Curtis Elwood Ellis pled guilty to possession of a firearm by a convicted felon, 18 U.S.C. § 922(g)(1) (2000), pursuant to a plea agreement in which he waived his right to appeal his sentence. Ellis was sentenced to a term of 110 months imprisonment. He now appeals his conviction and sentence. We affirm Ellis’ conviction and dismiss the challenge to his sentence.

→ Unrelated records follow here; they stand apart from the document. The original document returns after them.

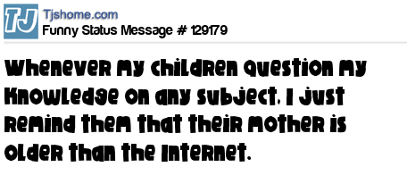 - # 129188 Whenever my son questions my knowledge on any subject, I just remind him that I'm older than the Internet.
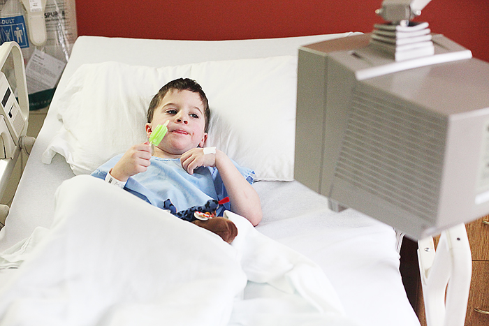 Back in the room, he seemed to recover in a snap. He was content munching cereal, eating numerous green popsicles and watching cartoons. We left the hospital at 11am (so strange to leave so soon after he’d had a procedure done!) and he was literally skipping and hopping out the doors. We kept reminding him he needed to walk and stay calm but he was just a bundle of energy! I can’t believe how resilient kids are. In the truck on the way home he told us “Just tell me to rock on with my bad self, Mom!” He sure makes us laugh!
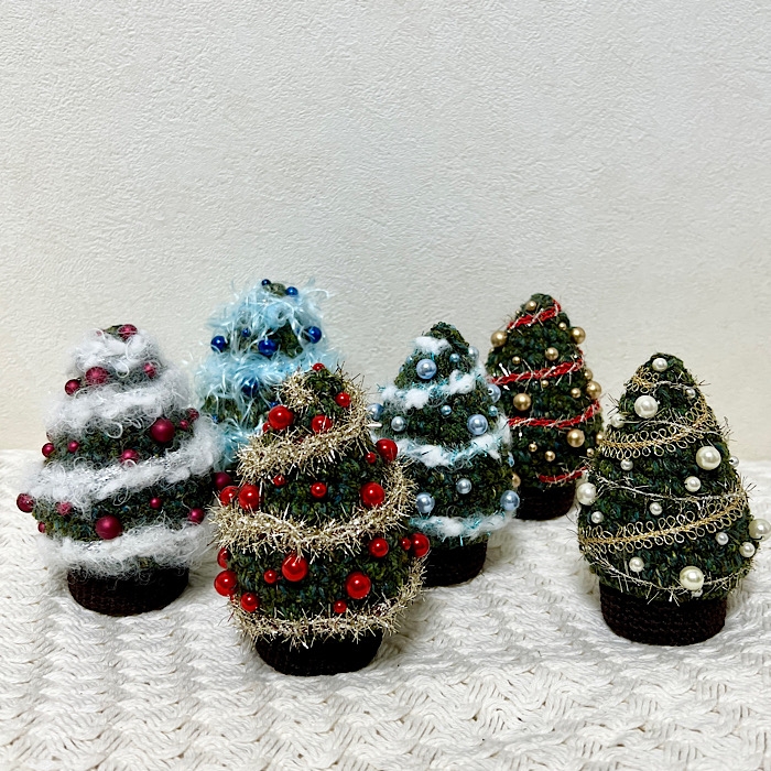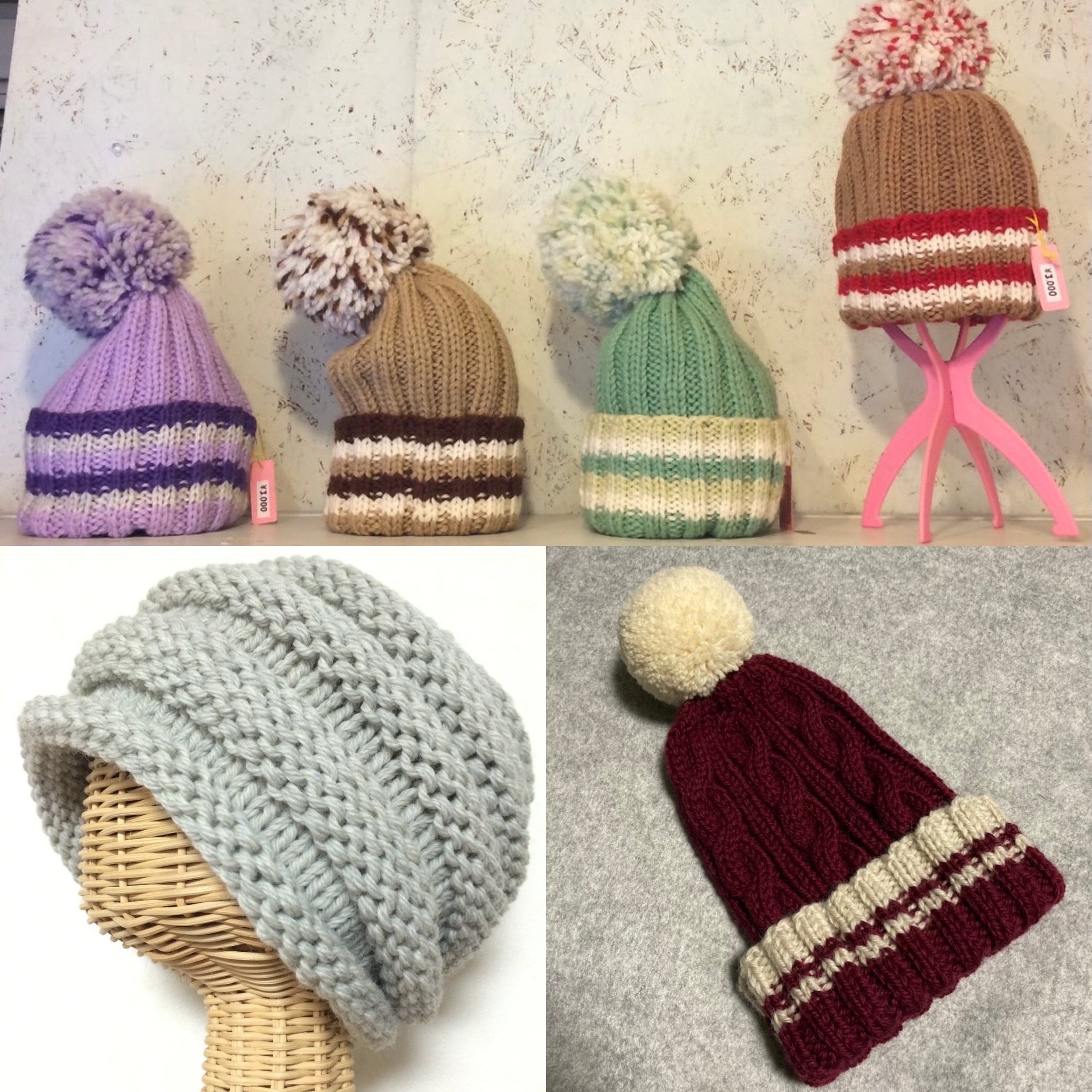 ハートのチャームやウール100%のニット帽など、カラフルで楽しい小物をひとつひとつ編んでいます。
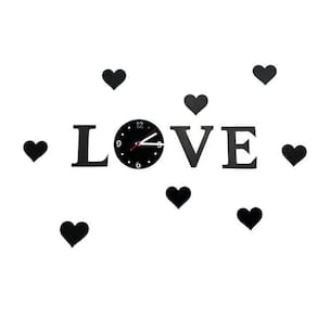 Relógio Decorativo Love Moderno Sala Quarto Espelho Preto
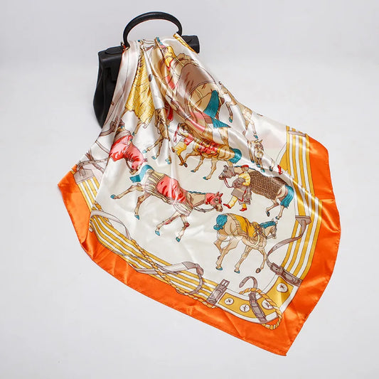 ARLET Horse Design Satin Scarf - 90 x 90 cms
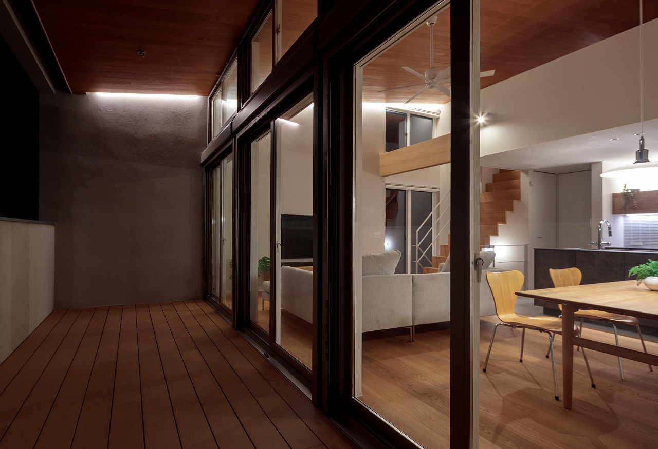 2階の隣接しないように分けたご夫婦それぞれの寝室は、この部屋のような中庭を介して、時には「続き間」のように繋がり、又は離れ、住人同士の距離をコントロールすることが出来ます。【デザイン住宅・鉄骨階段・中庭】
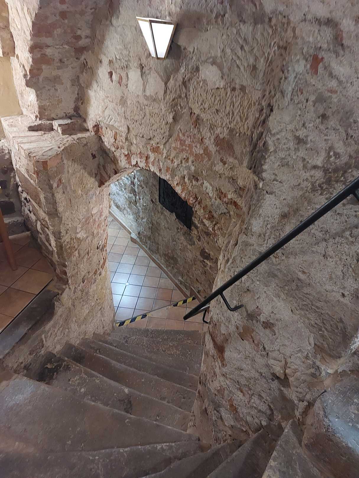 Ein historisches Haus, der Weg zum WC in der Gaststätte
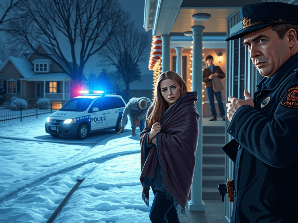 The flashing blue and red lights from the police cruiser lit up the front of the house, casting an eerie glow over the snow-covered lawn. Emberlyn and Sol stood on the porch, wrapped in blankets, still trying to shake the cold—and the fear—from their bones.

Ellis alleges that the district court plainly erred in failing to dismiss the indictment on the ground that § 922 no longer has a sufficient nexus with interstate commerce in light of the Supreme Court’s decisions in United States v. Lopez, 514 U.S. 549, 115 S.Ct. 1624, 131 L.Ed.2d 626 (1995), United States v. Morrison, 529 U.S. 598, 120 S.Ct. 1740,146 L.Ed.2d 658 (2000), and Jones v. United States, 529 U.S. 848, 120 S.Ct. 1904, 146 L.Ed.2d 902 (2000). His argument is foreclosed by our decision in United States v. Gallimore, 247 F.3d 134, 138 (4th Cir.2001) (holding that Morrison and Jones do not affect our decisions regarding the constitutionality of § 922(g)), and United States v. Wells, 98 F.3d 808, 810-11 (4th Cir.1996) (holding that the jurisdictional requirement of § 922(g) satisfied Commerce Clause).

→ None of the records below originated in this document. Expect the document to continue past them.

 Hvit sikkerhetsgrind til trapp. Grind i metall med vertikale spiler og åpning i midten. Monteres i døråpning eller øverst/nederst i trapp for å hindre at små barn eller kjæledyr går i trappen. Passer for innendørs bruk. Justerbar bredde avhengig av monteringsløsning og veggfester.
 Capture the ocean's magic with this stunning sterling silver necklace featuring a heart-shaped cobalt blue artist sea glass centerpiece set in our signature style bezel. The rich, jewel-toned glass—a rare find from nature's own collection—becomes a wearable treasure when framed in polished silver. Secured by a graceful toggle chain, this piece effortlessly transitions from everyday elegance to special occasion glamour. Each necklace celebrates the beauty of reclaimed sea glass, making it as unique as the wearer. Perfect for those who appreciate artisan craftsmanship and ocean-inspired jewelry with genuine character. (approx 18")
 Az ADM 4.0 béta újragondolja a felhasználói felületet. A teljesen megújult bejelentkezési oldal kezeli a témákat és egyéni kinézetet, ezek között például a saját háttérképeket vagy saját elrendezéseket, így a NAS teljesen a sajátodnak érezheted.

Ellis next argues that the district court erred in applying a four-level enhancement pursuant to U.S. Sentencing Guidelines Manual § 2K2.1(b)(5) (2002) for possession of a firearm in connection with another felony offense. In his plea agreement, Ellis waived his right to appeal “whatever sentence is imposed, including any issues that relate to the establishment of the Guideline range,” reserving only the right to appeal from an upward departure. A defendant may waive the right to appeal if that waiver is knowing and voluntary. United States v. Brown, 232 F.3d 399, 402-03 (4th Cir.2000). Ellis does not contend that his waiver was unknowing or involuntary, and our review of the guilty plea hearing leads us to conclude that it was voluntary. Thus, the claim of sentencing error may not be raised on appeal.

We therefore affirm the conviction. We dismiss that portion of the appeal which seeks to challenge the sentence. We dispense with oral argument because the facts and legal contentions are adequately presented in the materials before the court and argument would not aid the decisional process.

AFFIRMED IN PART, DISMISSED IN PART.